Incoming of a phone call after any other event.
Amalfitano et al. carried out an experiment with the objective of examining if, in fact, the event-patterns represent scenarios of a greater chance of context-aware application failures. Thus, they extended the tool AndroidRipper [
43]. The extended AndroidRipper is able to fire context events such as location changes, enabling/disabling of GPS, changes in orientation, acceleration changes, reception of text messages and phone calls, and shooting of photos with the camera. Both versions of AndroidRipper explore the application under test looking for crashes measuring the obtained code coverage and automatically generating Android JUnit test cases that reproduce the explored executions.

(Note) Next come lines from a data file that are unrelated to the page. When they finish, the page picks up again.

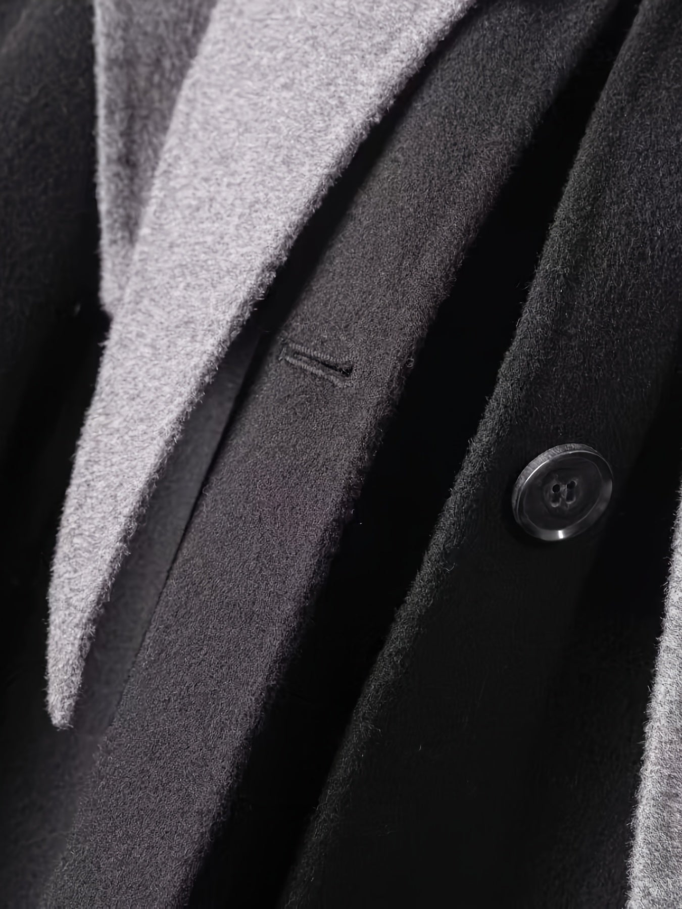 Women's Elegant Black Wool Tweed Coat - Dual-Sided Breasted Navy Collar, Loose Fit for Winter & Fall, Soft & Stylish Outerwear for Casual or Chic Outfits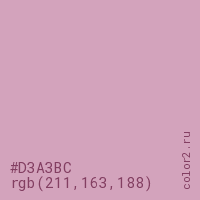 Цвет #D3A3BC в цветовой модели RGB обозначается тремя октетами (211, 163, 188) в десятичном формате и #D3A3BC в шестнадцатиричном (hex) формате, которые являются интенсивностью красного 211 (hex D3), интенсивность зелёного 163 (hex A3) и интенсивность синего 188 (hex BC).
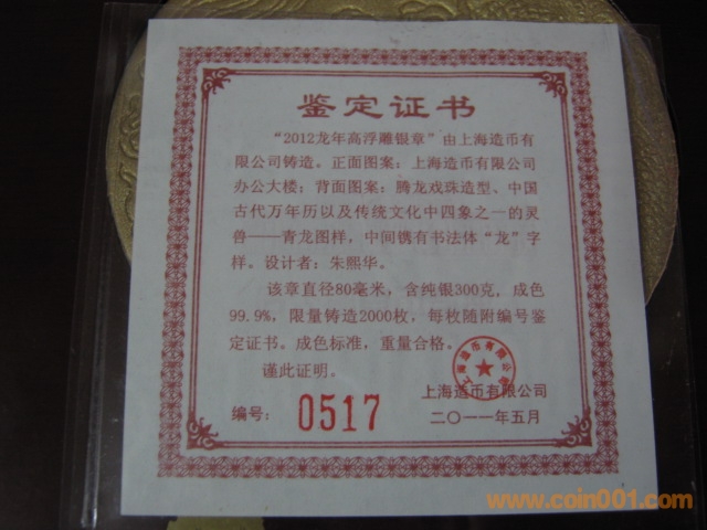 上幣廠300克高浮雕純 ..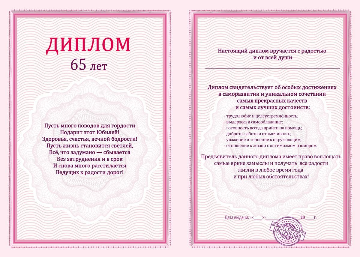 Диплом формата А6 предназначен для вручения к 65‑летию и рассчитан на использование в розничных и оптовых поставках для магазинов подарочной и канцелярской продукции, а также организаторов юбилейных мероприятий. Изделие выполнено из плотного картона, что обеспечивает достаточную жесткость, сохранение формы и устойчивость к механическим повреждениям при транспортировке и хранении в коробах или на витринных стойках. Готовый размер диплома составляет 160 × 110 мм, что удобно для выкладки в стандартных лотках и подвесных экспозициях, а также для размещения в конвертах или подарочных пакетах. На лицевой стороне размещено название «Диплом» и крупное обозначение возраста «65» в центральной части, оформленное с применением золотой фольги, создающей четкий, хорошо читаемый акцент и повышающей износостойкость печати. Дополнительную защиту поверхности обеспечивает глянцевая ламинация, уменьшающая риск истирания и выцветания красок при частом контакте и длительном хранении на складе или в торговом зале. Фон лицевой стороны выполнен в розово‑лиловой гамме с флористическим орнаментом, цветами и декоративными элементами, что делает изделие визуально уместным для семейных и корпоративных поздравлений. Внутри предусмотрен печатный текст и поле‑подсказка для вписывания имени юбиляра, даты, подписи и других индивидуальных данных, что облегчает работу продавцов и организаторов праздников, снижая необходимость в дополнительной полиграфии. Конструкция диплома оптимальна для массовых закупок: стандартный формат, стабильные размеры и отсутствие сложных элементов облегчают упаковку, штабелирование и учет. В одной упаковке 10 единиц, что позволяет формировать удобные для оптового клиента партии, быстро пополнять ассортимент и поддерживать единый стиль оформления юбилейных разделов. Изделие может использоваться как самостоятельный сувенир или как дополнение к подарку, подходит для вручения в домашней обстановке, в коллективах, клубах и организациях, где требуется формализованное, но компактное и аккуратное поздравление с 65‑летием.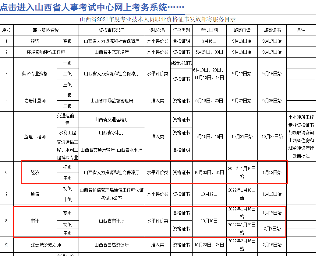 山西省人事考試中心發(fā)布《2021年度專業(yè)技術人員職業(yè)資格證書發(fā)放郵寄服務目錄》,目錄中發(fā)布了初級、中級、高級經濟師紙質證書發(fā)放的時間,具體時間如下圖: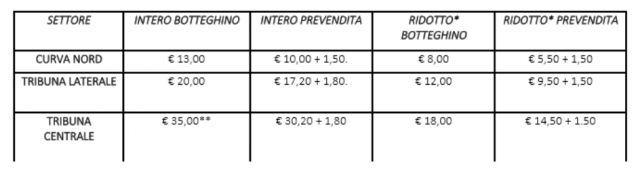 Sarà possibile acquistare i biglietti per la partita in oggetto nelle seguenti modalità (muniti di documento d’identità valido, vale a dire Carta d’Identità o Patente di Guida):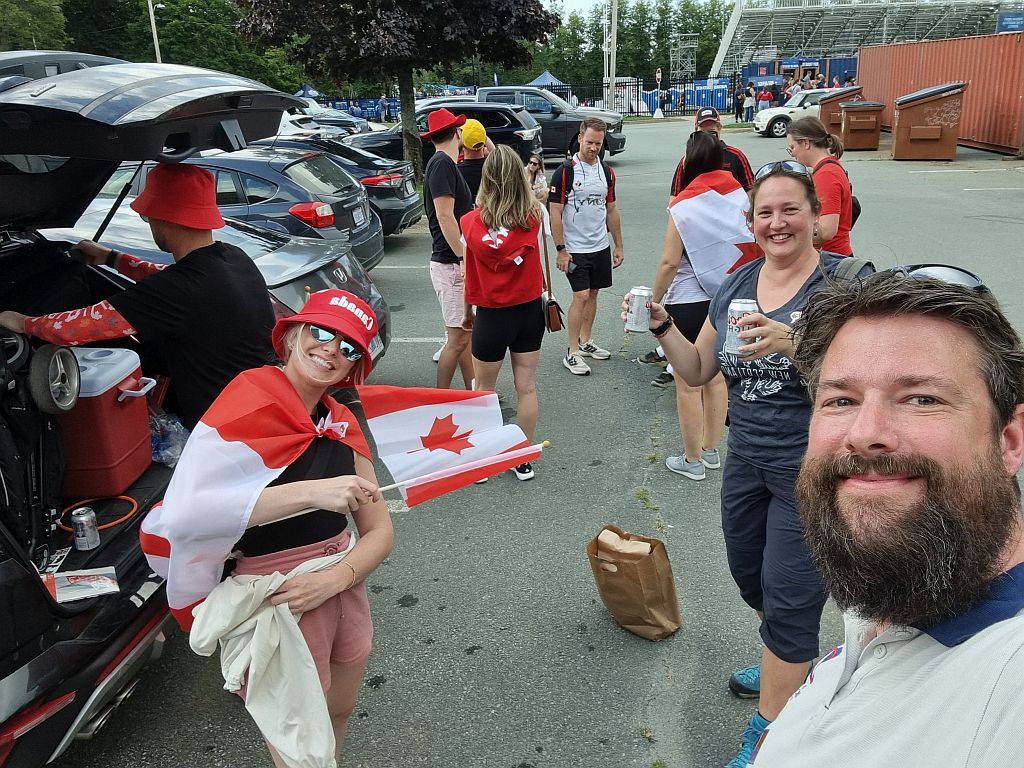 Mit den Worten „You are Canadians now!“ wurden wir zum „Tailgating“ der jüngeren Teile der Familie eingeladen, mit Fanutensilien ausgestattet, bekamen noch ein Bier in die Hand gedrückt sowie ein nicht näher erklärtes Getränk aus einem Beutel (?) kredenzt und mussten versprechen, dass wir mindestens die Tochter / Schwester anfeuern. Am Besten aber gleich das ganze kanadische Team, wenn es uns nichts ausmachen würde.

The extended AndroidRipper tool generates test cases watching for events that cause a reaction from the application. Once the events that cause a reaction are detected, the technique of Amalfitano et al. generates test cases based on event-patterns identified by the authors. Therefore, the tool does not focus on testing high-level context variations.
By studying the papers of Griebe and Gruhn [
44], Vieira et al. [
37], and Amalfitano et al. [
42], we found two papers related to testing context-aware Android applications: Mirza and Khan [
110] and Luo et al. [
111]. The corresponding tools are presented in the sequel.
ContextDrive
Mirza and Khan [
110] argues that testing context-aware applications is a difficult task due to challenges such as developing test adequacy and coverage criteria, context adaptation, context data generation, designing context-aware test cases, developing test oracle, and devising new testing techniques to test context-aware applications. In response to these challenges, they argue that context adaptation cannot be modeled using a standard notation such as the UML activity diagram. Therefore, Mirza and Khan extended the UML activity diagram, by adding a context-aware activity node, for behavior modeling of context-aware applications.
Mirza and Khan proposed a test automation framework named as ContextDrive. Its proposed model consists of six phases.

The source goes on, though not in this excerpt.